*** Block opens ***

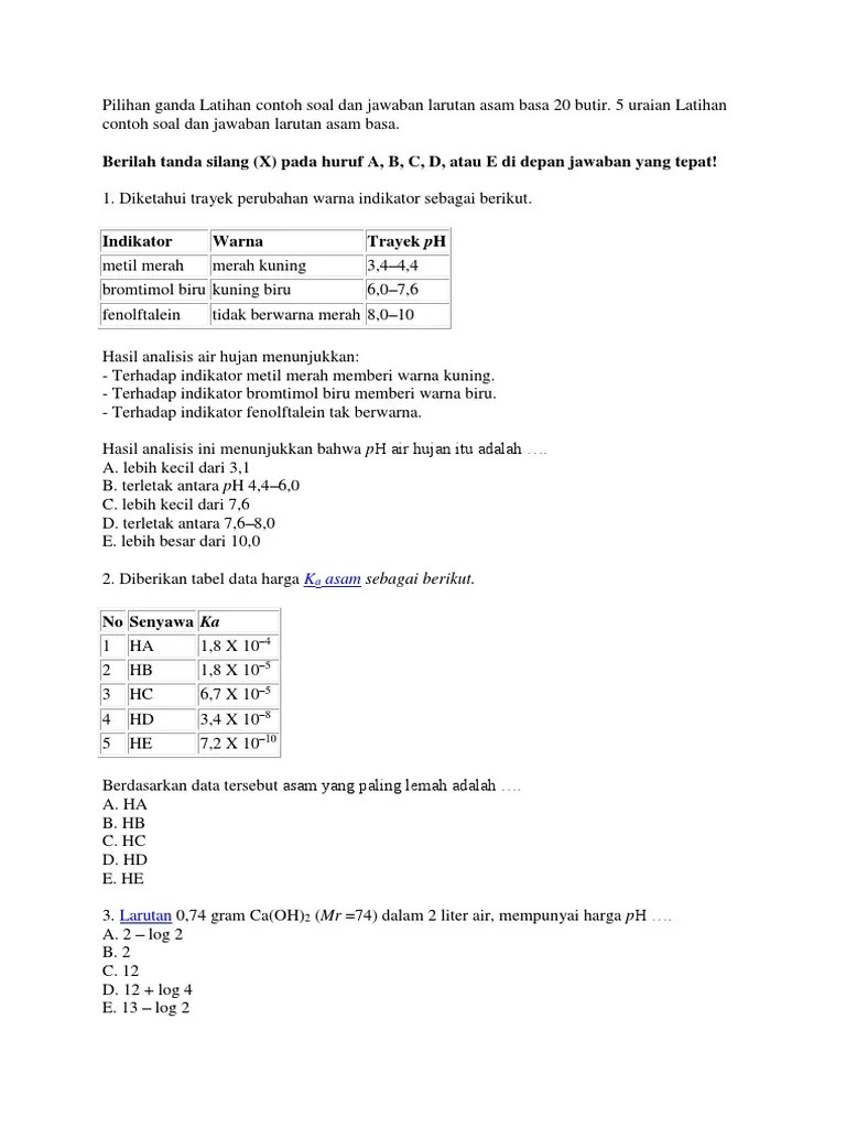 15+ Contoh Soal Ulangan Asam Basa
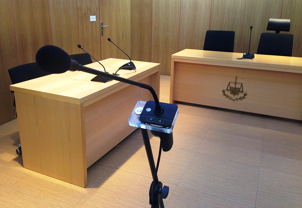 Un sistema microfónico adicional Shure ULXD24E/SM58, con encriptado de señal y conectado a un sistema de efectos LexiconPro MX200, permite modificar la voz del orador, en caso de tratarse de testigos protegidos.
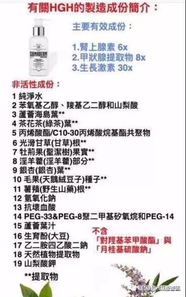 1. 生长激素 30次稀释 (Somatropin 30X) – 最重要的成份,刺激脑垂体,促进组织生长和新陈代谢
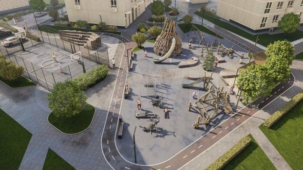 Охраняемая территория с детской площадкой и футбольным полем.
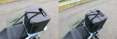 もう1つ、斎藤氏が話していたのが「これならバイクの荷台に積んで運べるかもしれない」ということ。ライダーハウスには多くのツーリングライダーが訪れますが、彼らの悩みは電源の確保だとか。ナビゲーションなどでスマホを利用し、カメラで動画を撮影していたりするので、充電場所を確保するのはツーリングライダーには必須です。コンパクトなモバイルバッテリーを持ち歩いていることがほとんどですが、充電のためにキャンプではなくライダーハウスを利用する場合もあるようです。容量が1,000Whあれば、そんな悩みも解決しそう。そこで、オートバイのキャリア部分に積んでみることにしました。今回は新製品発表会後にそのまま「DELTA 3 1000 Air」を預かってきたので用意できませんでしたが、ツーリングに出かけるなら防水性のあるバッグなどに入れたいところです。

*** Block closes ***

__EXERCISE GOAL__: Print each record as it appears above, dropping every picture from the copy.

__TASK ANSWER__:
 15+ Contoh Soal Ulangan Asam Basa
 Un sistema microfónico adicional Shure ULXD24E/SM58, con encriptado de señal y conectado a un sistema de efectos LexiconPro MX200, permite modificar la voz del orador, en caso de tratarse de testigos protegidos.
 1. 生长激素 30次稀释 (Somatropin 30X) – 最重要的成份,刺激脑垂体,促进组织生长和新陈代谢
 Охраняемая территория с детской площадкой и футбольным полем.
 もう1つ、斎藤氏が話していたのが「これならバイクの荷台に積んで運べるかもしれない」ということ。ライダーハウスには多くのツーリングライダーが訪れますが、彼らの悩みは電源の確保だとか。ナビゲーションなどでスマホを利用し、カメラで動画を撮影していたりするので、充電場所を確保するのはツーリングライダーには必須です。コンパクトなモバイルバッテリーを持ち歩いていることがほとんどですが、充電のためにキャンプではなくライダーハウスを利用する場合もあるようです。容量が1,000Whあれば、そんな悩みも解決しそう。そこで、オートバイのキャリア部分に積んでみることにしました。今回は新製品発表会後にそのまま「DELTA 3 1000 Air」を預かってきたので用意できませんでしたが、ツーリングに出かけるなら防水性のあるバッグなどに入れたいところです。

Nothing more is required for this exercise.